WHAT YOU WILL DO: When you reach the line that contains "Payaso Artist fabricado" below, transcribe it and each line after it word for word to the end of the records, omitting pictures.

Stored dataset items
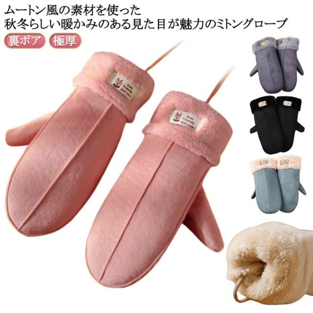 ミトン 防寒 厚手 レディース 裏ボア ミトン手袋 二重 グローブ シンプル 無地 裏起毛 ファー付き かわいい 冬 あったか ハンドウォーマー 手袋 手袋 もこもこ ボア ムートン風 手袋 防風 保温 暖か 暖かい スエード風 おしゃれ 柔らかい アウトドア
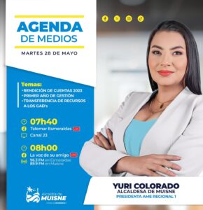 Alcaldes estará en diálogo con medios de comunicación de la ciudad de Esmeraldas 28 mayo, 2024 La alcaldesa de #Muisne Yuri Colorado, en diálogo con medios de comunicación de la ciudad de #Esmeraldas brindará detalles de los siguiente temas. Rendición de cuentas 2023. Primer año de gestión. Transferencia de recursos a los Gad’s ¡Acompañanos! Tags: No tag. Twitter Facebook Tumblr
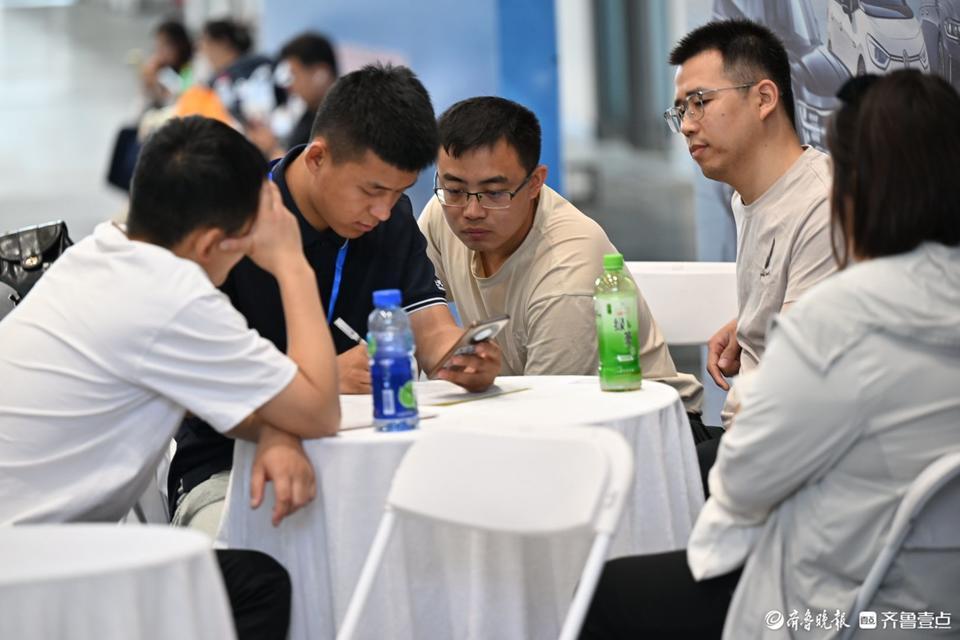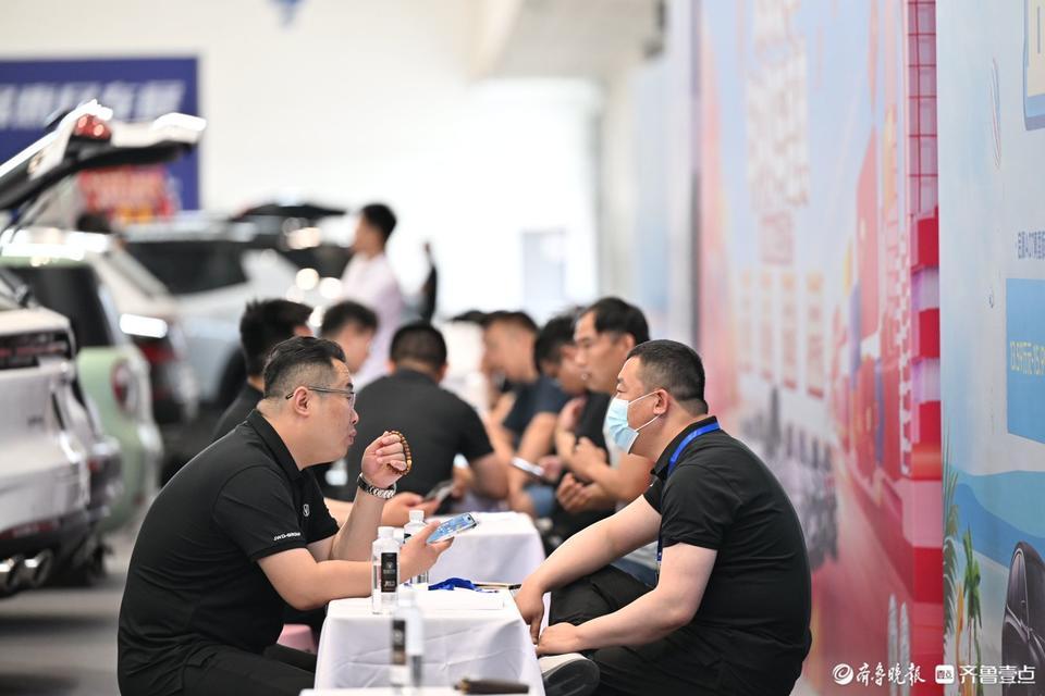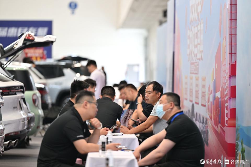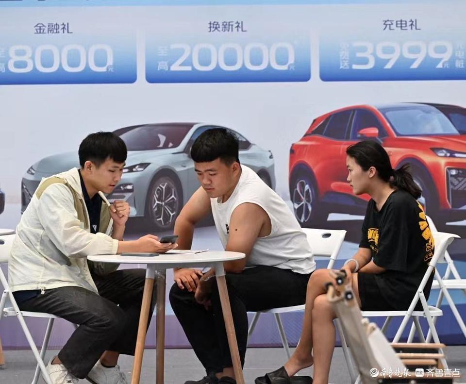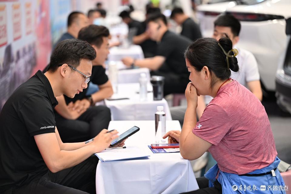 16日,在山东国际会展中心举办的“约惠槐荫•第二届惠民车展”进入第二日,市民相中了心仪的车型后,和销售人员坐在洽谈区,开始商议最优惠的价格和最合适自己的配置。
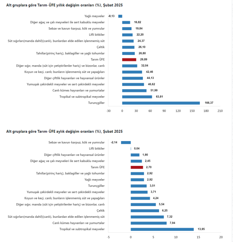 Tarım ürünleri üretici fiyat endeksi (Tarım-ÜFE) yıllık yüzde 29,89, aylık ise yüzde 2,70 artış kaydetti. Yıllık değişimde Tarım ÜFE'de en çok değişim turunçgillerde olurken, aylık değişimin lideri de tropikal ve subtropikal meyveler oldu.
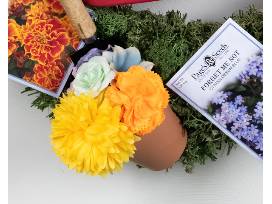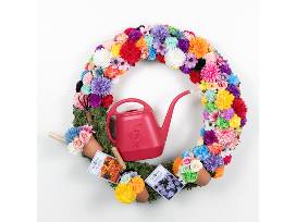 Included--Battery-operated, lighted 30" wreath with decorations and gifts:
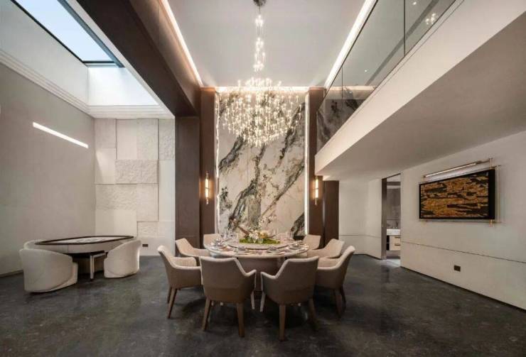 建筑采用三重屋檐形制,承载天地人相融的东方礼制,搭配铝板、格栅、伊朗进口蓝眼睛石材、大面积灰蓝落地玻璃、香槟色铝板,南北立面均高标准打造,卓越窗墙比勾勒光影天幕,演绎当代东方大宅气度。
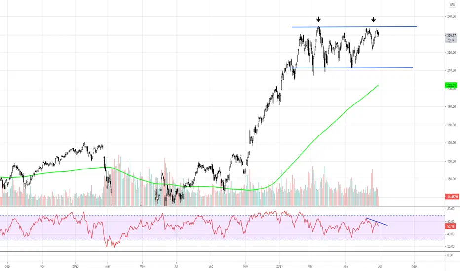 Third test of resistance and failure to rise to new highs on the Russel 2000.. Possible that we see a retest of the bottom of this channel..
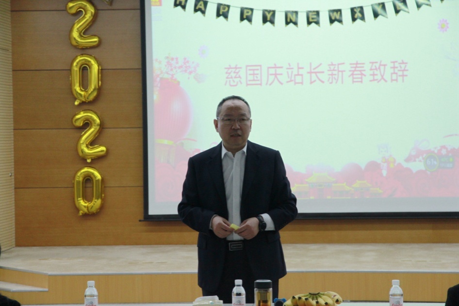 慈国庆站长发表了新年致辞。慈国庆表示,一年来,我们不忘初心、牢记使命,用汗水浇灌收获,以实干笃定前行。党的建设扎实推进;传统科研方向变革创新,新兴研究方向不断突破;水声相关设备研发取得重大标志性进展;科研经费体量再创历史新高;公共研发平台建设和产业化工作取得新进展;人才团队建设、组织文化建设、规范化建设再上新台阶;保障中心项目获得中科院经费支持,即将开工建设。2020年是“十三五”收官之年,也是“十四五”开局起步的关键之年,我们将继续坚持北海站“强基固本”工作主题,深化拓展水声学和空气声学研发领域,扎实推进公共研发服务平台建设,探索中科声远体制机制创新,不断提升党建和组织文化,开工建设红岛园区人才公寓,扎实进取,奋发有为,努力实现新时期更好更快发展。
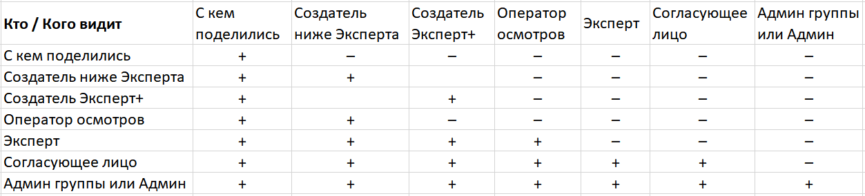 Доступ к просмотру осмотров, выполненных другими пользователями - только в веб-интерфейсе |
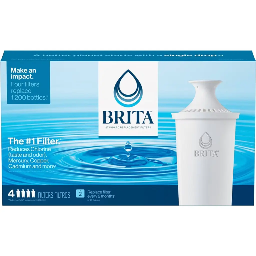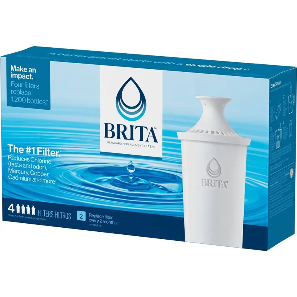 Drink healthier, great-tasting tap water with the Brita Standard Water Filter. This BPA-free Brita water purifier filter cuts the taste and odor of chlorine, plus it reduces copper, cadmium and mercury impurities using ion-exchange resin and activated carbon. Built-in mesh screens on this replacement water filter prevent black flecks in your water filter pitcher, leaving you with great-tasting, clear drinking water. You can replace up to 1,800 standard 16.9-oz. plastic water bottles a year with Brita, so you can stay hydrated, save money and reduce plastic waste. With no presoak required, these Brita filters are quick and easy to install in a Brita filter water pitcher or dispenser. One water filter replacement lasts up to two months or 40 gallons. Brita Standard Water Filters fit in all Brita systemsexcept Brita Streamincluding Brita water pitcher and water dispenser models. Get great taste, less waste and more savings from Brita. USAGE DIRECTIONS: Change your filter with just a few simple steps. Wash your hands before unwrapping the filter. Flush filter with cold water for 15 seconds. Insert filter into reservoir. Add cold tap water. Discard your first 3 pitchers/1 dispenser of filter water, or use this water for plants. It is normal for carbon dust to appear in your first fillings. Fill up your pitcher and enjoy great tasting water. Replace the water filter every 40 gallons or 2 months. Substances reduced may not be in all users' water. CAUTION STATEMENTS: IMPORTANT NOTICE: Please read the Performance Data Sheet enclosed in the box for complete details. The Brita Pitcher Filter is not intended to purify water. Do not use with water that is microbiologically unsafe or of unknown quality without adequate disinfection before or after the system. Individuals requiring water of special microbiological purity should follow the advice of their doctor or local health officials regarding the use and consumption of their tap water and Brita filtered water.
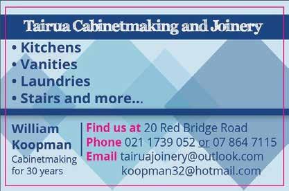 Whitianga Menz Shed – Open Tues/Thurs, 9am-12 noon. At the Moewai Park end of South Highway, past the diesel truck stop. All welcome. Whitianga Playcentre – Every Tues/Fri 9am-12 noon, 1F White St. Contact whitianga@playcentre. org.nz or 027 880 3947.
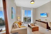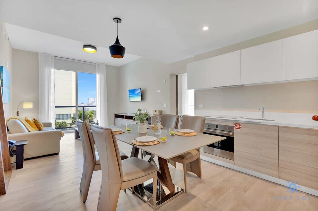 Steps from the Hollywood Boardwalk, feel at home in this modern condo resort overlooking a beautiful beach. This apartment features a master bedroom and a living room with a wrap-around balcony offering ocean views. This brand-new apartment offers all the comforts you need, including a fully equipped gourmet kitchen with a stainless steel refrigerator/freezer, glass stove, integrated oven, silent dishwasher, integrated microwave, stove, dishes, coffee maker, and toaster. The spacious bedroom includes a hairdryer, electronic safe, iron/ironing board, and TVs. Enjoy luxurious features such as ceramic floors, electronic door locks, European-style cabinetry, and modern-style designer fixtures and faucets. Enjoy access to the rooftop infinity pool, hot tub, gym, and sun deck. A pack-n-play crib is available upon request. Parking is not included; you can park at the condo for $42 a day or issue a public parking pass for $110 plus taxes, which allows you to park on any street or city parking lot. Located along North Ocean Drive in Hollywood Beach, this apartment puts you at the heart of the action. You'll be within walking distance of the famous Hollywood Beach Broadwalk, restaurants, and a playground. Enjoy exciting activities such as jet skiing, fishing, sailing, biking, and golf. South Beach and Miami are a short drive away. The Broadwalk, paved with bricks, features bars, restaurants, boutiques, and shops. Swimming is at your own risk; there is no lifeguard on duty. Children must be supervised by an adult at all times. Please keep all doors closed and the air conditioning on at all times to prevent condensation and property damage. [SI]
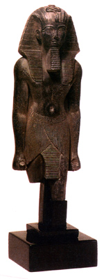 One of the greatest Pharaohs to occupy the throne. He led over 20 campaigns in which he maintained Egypt's borders from Syria to the third cataract. After conquering Princes in Syria, he took Royal children back to Egypt where they were raised. They were then placed on the thrones of their homelands to rule as friends of the Egyptians. Made of cultured granite, hand gold leafed and detailed.
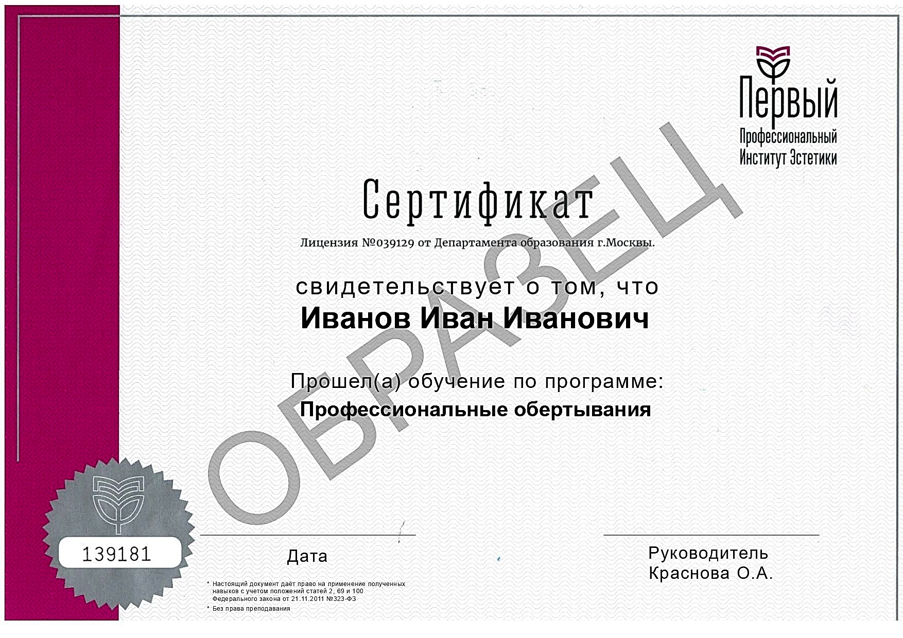 Благодарю за увлекательный и познавательный курс «Профессиональное обертывание» под руководством Калабиной Pin Up Геннадьевны.
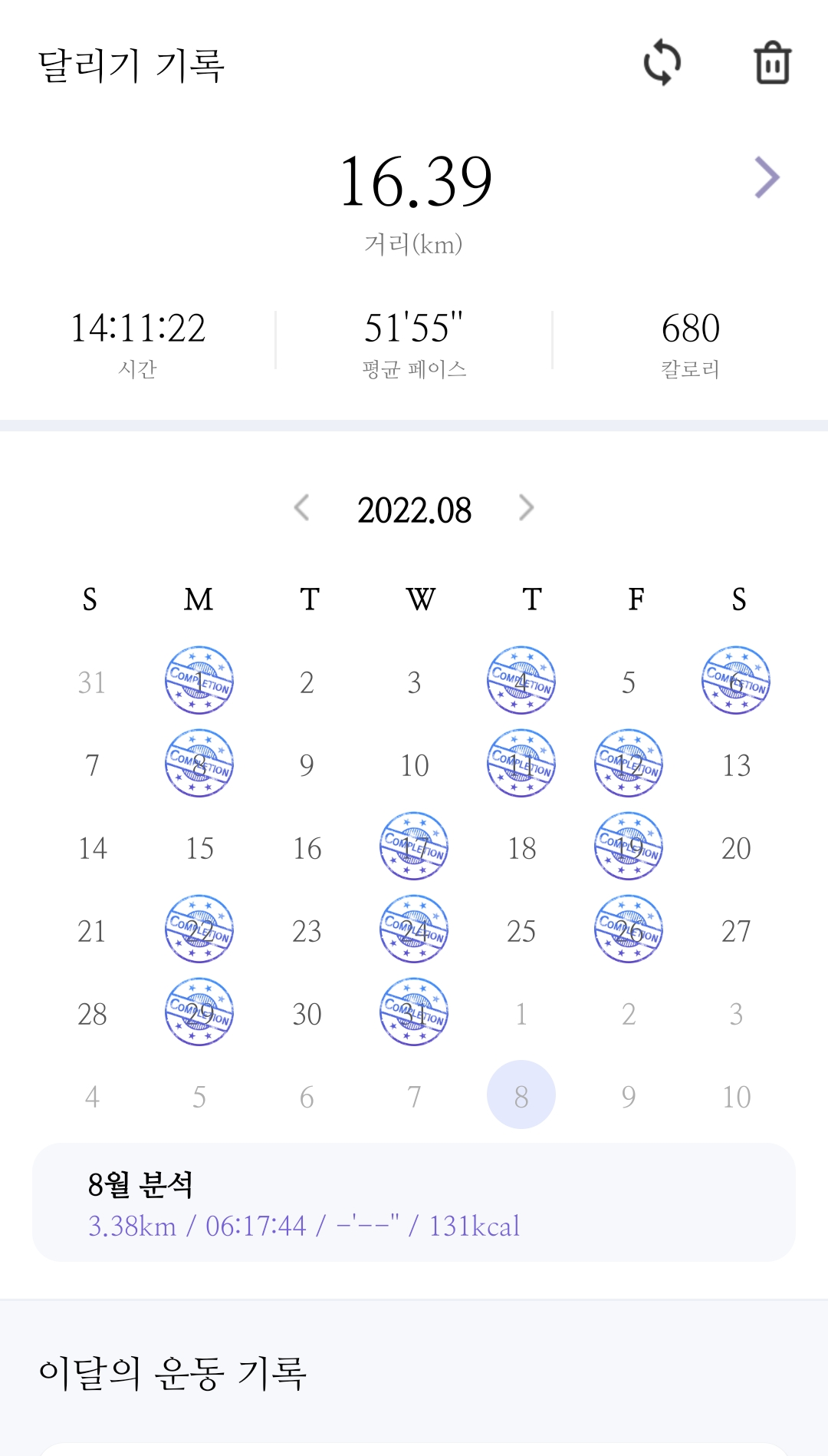 나는 정확히 월, 수, 금 런데이!!로 잡아놓지는 않고, 그냥 일주일에 세 번~으로 러프하게 계획을 잡아놓았다. 주로 헬스 하러 갈 때 러닝까지 같이 뛰어서 일정을 다 지킬 수 있었는데, 만약 러닝만 했다면 완주까지의 동기부여가 더 어려웠을 수도 있다. 따라서 런데이 8주 플랜을 시작할 때는 다른 목표보다는 "8주 플랜 완주". 이 목표 하나만 바라보며 임해보자. 다른 목표에 distracted 되지 않고, 오늘 하루, 일주일에 세 번, 그렇게 8주 달리기를 달성했다는 것 만으로 굉장히 뿌듯할 것이다.
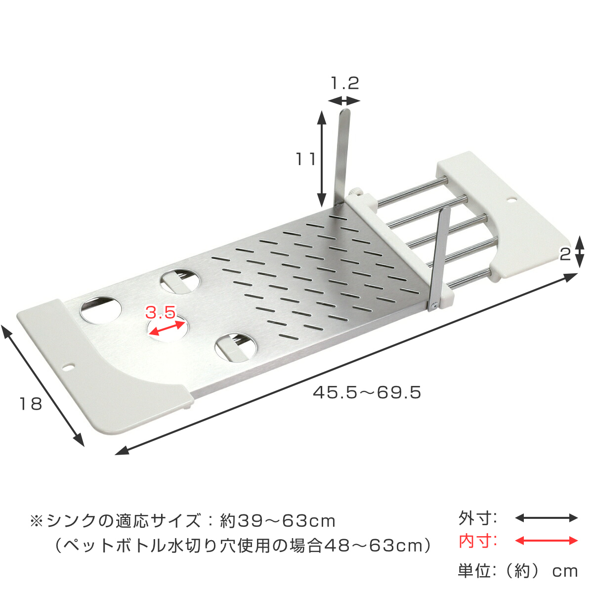 | 対応サイズ | シンク適応サイズ:約 39~63cm (※ペットボトル水切り穴使用の場合48~63cm) |
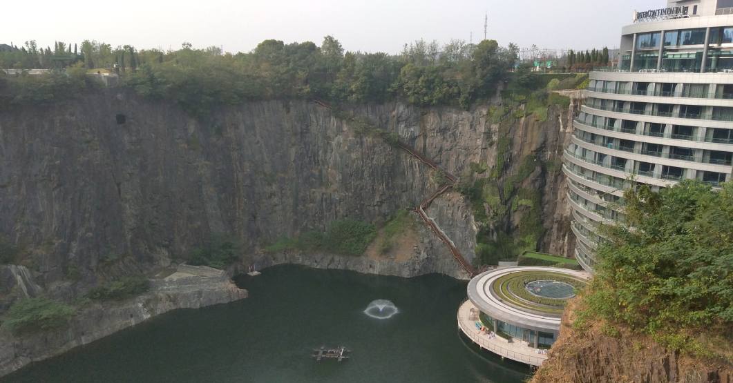 上海佘山世貿洲際酒店(又名“世茂深坑酒店”),位于上海松江國家風景區(qū)佘山腳下,造價20億、耗時12年,酒店的特別之處在于它是巧奪天工在廢棄采石礦坑內建成,深入地下88米,是至今世界海拔最低的酒店,其革命性的先鋒建筑設計已被美國國家地理頻道《世界偉大工程巡禮》評為“世界十大建筑奇跡”之一。
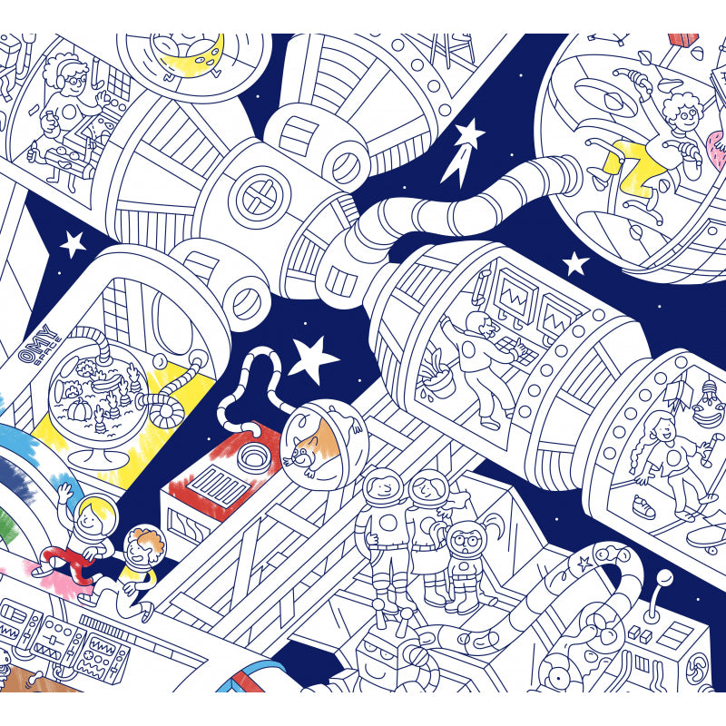 Un espace artistique sans limites pour jouer et colorier seul ou à plusieurs, à déplier au sol, à accrocher au mur.
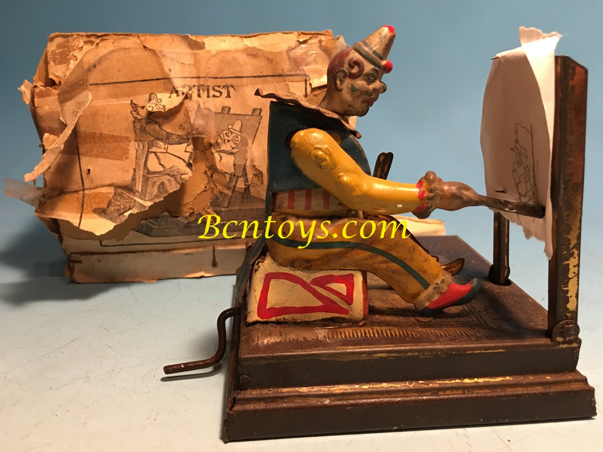 Payaso Artist fabricado por Philipp Vielmatter con preciosa litografía. Berlín entre 1885 y 1905. A través de unos discos el payaso dibuja sobre papel. Uno de los discos dibuja viva España.
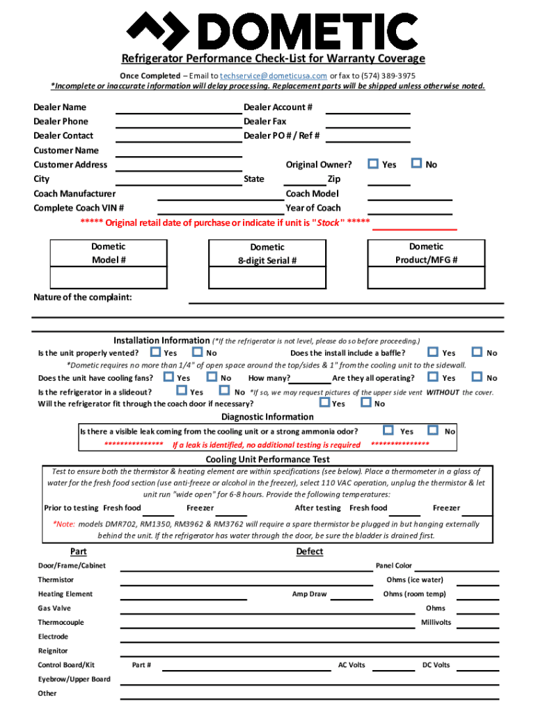 Refrigerator Performance Checklist for Warranty Coverage Once Completed Email to tech service dometicusa.com or fax to (574) 3893975 *Incomplete or inaccurate information will delay processing. Replacement

EXERCISE ANSWER:
 Payaso Artist fabricado por Philipp Vielmatter con preciosa litografía. Berlín entre 1885 y 1905. A través de unos discos el payaso dibuja sobre papel. Uno de los discos dibuja viva España.
 Refrigerator Performance Checklist for Warranty Coverage Once Completed Email to tech service dometicusa.com or fax to (574) 3893975 *Incomplete or inaccurate information will delay processing. Replacement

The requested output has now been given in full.